No findings of significance were identified.

4OA2 Identification and Resolution of Problems

.1 Review of Items Entered into the Corrective Action Program

As required by Inspection Procedure 71152, Identification and Resolution of Problems, and to help identify repetitive equipment failures or specific human performance issues for follow-up, the inspectors performed a daily screening of all items entered into PSEG's corrective action program. This was accomplished by reviewing the description of each new notification and attending daily management review committee meetings.

Documents reviewed are listed in the attachment.

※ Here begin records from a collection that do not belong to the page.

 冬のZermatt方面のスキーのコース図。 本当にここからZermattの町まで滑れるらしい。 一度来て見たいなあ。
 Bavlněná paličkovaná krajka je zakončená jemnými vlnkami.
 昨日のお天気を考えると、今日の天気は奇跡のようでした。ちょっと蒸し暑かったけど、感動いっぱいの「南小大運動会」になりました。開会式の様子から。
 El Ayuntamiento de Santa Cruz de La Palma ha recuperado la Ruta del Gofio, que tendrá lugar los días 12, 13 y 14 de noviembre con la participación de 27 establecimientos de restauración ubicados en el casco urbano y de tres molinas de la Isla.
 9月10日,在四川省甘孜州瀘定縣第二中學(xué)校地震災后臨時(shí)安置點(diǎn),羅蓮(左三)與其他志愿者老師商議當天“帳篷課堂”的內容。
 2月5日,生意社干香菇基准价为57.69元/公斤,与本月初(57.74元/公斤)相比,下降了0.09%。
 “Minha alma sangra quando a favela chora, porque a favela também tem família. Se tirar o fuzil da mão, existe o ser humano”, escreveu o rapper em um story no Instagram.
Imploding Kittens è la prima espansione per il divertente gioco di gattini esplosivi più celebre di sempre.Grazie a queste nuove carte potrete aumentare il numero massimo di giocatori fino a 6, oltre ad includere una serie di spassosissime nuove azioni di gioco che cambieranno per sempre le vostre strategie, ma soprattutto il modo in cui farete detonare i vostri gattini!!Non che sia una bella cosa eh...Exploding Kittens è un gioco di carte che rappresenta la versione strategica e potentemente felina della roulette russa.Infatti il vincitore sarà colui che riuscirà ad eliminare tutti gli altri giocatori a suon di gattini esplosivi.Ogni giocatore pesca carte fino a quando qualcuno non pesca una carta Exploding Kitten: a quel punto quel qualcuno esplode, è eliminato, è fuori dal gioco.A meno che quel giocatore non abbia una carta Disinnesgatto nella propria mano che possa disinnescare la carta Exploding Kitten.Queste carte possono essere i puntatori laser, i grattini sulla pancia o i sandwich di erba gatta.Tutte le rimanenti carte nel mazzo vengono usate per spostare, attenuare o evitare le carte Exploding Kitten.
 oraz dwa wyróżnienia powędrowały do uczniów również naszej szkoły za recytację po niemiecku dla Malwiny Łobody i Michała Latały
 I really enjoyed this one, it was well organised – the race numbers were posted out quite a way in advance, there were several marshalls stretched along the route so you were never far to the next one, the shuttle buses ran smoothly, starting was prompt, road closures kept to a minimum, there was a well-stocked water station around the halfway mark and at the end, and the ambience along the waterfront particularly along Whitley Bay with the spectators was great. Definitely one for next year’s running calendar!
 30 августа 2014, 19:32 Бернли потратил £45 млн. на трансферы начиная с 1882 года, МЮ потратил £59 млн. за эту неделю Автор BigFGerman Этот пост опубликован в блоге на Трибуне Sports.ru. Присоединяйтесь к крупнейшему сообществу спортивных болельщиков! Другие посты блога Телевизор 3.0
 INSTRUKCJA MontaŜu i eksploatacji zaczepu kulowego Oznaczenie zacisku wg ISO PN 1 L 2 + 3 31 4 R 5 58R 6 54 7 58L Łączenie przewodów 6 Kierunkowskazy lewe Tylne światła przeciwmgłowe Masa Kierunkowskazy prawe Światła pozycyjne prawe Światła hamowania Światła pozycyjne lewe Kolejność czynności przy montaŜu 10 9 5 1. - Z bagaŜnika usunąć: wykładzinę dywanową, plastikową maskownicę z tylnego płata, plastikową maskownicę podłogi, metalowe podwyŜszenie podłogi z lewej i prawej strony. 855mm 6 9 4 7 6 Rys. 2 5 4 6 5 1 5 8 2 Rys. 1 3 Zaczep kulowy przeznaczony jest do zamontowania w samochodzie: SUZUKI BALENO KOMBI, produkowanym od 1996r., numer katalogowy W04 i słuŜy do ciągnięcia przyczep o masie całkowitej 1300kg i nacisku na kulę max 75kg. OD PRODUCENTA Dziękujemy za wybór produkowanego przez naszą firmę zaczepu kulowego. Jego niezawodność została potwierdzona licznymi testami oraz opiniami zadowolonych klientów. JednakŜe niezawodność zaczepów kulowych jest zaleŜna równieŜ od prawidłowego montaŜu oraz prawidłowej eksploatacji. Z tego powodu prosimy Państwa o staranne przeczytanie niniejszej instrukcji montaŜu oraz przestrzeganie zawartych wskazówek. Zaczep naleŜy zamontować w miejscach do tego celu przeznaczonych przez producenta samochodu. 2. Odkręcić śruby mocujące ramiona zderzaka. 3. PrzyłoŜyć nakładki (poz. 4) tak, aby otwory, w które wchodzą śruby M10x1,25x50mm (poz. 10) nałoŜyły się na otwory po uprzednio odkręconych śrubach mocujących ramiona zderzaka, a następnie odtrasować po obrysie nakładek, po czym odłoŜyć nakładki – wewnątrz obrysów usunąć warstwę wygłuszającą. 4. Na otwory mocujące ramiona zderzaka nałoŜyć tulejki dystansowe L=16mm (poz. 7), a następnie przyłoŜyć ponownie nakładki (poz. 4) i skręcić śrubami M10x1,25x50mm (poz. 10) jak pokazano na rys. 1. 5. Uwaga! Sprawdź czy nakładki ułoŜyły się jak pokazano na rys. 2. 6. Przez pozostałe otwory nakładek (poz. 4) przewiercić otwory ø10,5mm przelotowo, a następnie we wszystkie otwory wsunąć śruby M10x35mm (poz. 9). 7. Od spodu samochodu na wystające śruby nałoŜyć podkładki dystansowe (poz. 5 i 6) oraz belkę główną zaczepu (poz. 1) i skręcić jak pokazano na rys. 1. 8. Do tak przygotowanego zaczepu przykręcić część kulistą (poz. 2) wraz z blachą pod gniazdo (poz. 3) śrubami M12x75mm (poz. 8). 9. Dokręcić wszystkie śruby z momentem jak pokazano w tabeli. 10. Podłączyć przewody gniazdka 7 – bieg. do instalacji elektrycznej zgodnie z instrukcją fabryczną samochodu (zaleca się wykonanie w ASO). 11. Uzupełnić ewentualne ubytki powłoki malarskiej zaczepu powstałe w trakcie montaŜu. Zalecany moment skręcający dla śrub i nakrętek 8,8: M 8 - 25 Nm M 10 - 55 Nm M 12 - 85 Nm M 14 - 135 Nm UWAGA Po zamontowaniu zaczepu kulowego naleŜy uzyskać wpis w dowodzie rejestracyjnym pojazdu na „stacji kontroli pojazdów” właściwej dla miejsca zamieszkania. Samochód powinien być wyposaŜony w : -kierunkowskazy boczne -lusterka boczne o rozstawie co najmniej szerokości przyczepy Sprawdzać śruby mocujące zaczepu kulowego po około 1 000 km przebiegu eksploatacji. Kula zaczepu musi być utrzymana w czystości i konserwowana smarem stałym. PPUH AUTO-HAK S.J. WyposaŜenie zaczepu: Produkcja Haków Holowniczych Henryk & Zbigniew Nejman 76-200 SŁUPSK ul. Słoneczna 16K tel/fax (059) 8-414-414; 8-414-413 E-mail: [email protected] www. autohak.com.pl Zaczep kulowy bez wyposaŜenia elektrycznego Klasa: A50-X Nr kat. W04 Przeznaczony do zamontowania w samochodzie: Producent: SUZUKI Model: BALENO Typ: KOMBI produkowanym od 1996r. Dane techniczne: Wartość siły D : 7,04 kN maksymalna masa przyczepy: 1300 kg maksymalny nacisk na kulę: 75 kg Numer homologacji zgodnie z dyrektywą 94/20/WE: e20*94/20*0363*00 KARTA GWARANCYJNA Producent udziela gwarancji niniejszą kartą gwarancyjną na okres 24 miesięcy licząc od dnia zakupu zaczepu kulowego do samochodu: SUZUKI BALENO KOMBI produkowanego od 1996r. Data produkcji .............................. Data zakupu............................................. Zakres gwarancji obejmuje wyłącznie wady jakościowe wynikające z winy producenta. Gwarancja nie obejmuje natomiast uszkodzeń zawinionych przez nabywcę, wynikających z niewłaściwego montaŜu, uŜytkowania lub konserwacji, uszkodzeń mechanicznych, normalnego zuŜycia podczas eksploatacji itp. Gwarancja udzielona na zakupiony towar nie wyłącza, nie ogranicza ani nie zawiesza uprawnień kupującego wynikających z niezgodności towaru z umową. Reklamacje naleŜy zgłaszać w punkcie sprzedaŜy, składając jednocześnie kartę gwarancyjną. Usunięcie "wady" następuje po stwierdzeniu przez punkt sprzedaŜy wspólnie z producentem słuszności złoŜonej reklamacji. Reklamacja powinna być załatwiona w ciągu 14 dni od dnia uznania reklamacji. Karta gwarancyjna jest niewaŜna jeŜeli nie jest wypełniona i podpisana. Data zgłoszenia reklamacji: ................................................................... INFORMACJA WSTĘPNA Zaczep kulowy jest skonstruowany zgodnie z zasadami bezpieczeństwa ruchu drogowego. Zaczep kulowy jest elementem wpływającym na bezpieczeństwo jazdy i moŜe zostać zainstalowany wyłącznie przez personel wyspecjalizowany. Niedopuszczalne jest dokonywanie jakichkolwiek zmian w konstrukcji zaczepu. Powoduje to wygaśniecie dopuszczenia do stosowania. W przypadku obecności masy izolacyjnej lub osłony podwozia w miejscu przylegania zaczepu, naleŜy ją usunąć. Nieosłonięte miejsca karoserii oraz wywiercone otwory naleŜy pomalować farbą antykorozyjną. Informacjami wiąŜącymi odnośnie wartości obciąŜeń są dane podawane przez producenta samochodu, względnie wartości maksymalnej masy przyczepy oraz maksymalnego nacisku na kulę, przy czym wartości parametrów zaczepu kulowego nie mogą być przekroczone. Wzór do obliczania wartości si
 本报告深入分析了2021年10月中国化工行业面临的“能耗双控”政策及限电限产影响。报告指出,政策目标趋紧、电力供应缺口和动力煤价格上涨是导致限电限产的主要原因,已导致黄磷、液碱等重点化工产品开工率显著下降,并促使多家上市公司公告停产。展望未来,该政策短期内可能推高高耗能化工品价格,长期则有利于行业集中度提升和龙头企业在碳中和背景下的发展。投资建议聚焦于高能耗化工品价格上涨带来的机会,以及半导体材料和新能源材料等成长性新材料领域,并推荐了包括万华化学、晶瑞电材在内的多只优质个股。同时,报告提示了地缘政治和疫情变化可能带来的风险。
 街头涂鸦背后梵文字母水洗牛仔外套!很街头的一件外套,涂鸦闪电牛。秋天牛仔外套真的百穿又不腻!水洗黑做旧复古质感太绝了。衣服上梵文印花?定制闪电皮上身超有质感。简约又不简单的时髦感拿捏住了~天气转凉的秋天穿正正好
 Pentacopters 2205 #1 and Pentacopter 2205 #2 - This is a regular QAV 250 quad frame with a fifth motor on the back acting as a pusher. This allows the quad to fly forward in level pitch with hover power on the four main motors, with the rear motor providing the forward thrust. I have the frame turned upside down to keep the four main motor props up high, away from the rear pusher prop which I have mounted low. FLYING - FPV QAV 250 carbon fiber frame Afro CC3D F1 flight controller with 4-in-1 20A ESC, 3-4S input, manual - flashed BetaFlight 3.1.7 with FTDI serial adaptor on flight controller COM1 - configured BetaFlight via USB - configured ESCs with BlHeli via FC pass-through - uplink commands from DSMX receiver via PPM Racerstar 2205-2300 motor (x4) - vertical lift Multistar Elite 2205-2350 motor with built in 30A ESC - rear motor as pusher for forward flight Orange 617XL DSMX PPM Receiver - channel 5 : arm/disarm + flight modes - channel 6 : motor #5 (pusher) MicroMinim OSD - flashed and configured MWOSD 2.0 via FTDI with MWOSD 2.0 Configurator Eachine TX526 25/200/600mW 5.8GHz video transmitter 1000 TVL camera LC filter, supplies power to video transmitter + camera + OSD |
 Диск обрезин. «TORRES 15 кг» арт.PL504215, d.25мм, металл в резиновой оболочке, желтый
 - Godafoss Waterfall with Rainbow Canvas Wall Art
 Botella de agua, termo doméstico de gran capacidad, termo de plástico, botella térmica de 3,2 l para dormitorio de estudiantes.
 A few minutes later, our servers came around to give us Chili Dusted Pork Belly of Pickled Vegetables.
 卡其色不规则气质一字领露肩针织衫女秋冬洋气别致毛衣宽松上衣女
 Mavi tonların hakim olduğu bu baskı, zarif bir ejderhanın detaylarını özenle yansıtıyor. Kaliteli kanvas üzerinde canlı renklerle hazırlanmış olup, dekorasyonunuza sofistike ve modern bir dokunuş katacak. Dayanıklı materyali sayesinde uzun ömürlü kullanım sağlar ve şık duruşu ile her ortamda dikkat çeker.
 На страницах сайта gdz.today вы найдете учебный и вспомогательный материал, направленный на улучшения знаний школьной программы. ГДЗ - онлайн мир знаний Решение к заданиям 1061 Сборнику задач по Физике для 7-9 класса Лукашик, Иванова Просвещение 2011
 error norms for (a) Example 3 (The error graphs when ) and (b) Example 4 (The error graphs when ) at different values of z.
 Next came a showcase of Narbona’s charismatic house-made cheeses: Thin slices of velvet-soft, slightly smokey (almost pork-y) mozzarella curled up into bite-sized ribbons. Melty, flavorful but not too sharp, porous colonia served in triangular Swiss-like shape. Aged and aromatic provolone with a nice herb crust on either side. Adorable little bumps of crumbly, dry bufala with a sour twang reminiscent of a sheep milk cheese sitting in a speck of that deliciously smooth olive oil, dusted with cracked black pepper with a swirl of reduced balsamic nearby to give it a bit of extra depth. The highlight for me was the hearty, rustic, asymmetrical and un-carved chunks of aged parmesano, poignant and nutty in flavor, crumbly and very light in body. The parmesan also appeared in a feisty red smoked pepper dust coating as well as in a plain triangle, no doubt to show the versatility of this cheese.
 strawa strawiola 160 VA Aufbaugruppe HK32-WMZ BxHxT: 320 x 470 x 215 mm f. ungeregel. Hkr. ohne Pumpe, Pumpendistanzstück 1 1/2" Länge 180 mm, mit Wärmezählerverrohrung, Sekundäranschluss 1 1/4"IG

.2 Annual Sample: Bailey Logic Module Failures

a. Inspection Scope

(1 sample)

The inspectors reviewed PSEGs actions to address an adverse trend in Bailey Logic Module failures. A number of issues have been identified in the PSEG corrective action program (CAP) describing a rising number of Bailey logic card failures. The issues were selected for review based on their potential to increase the likelihood of an initiating event or cause the inoperability of a safety system. The inspectors reviewed PSEG procedures, vendor documents, design change packages, notifications, orders, corrective actions, and apparent cause evaluations to understand the equipment functions and operational history, as well as the identification, evaluation, and corrective actions associated with the degraded conditions. System engineers, reactor operators and other PSEG staff were interviewed to gain additional insights on the failures.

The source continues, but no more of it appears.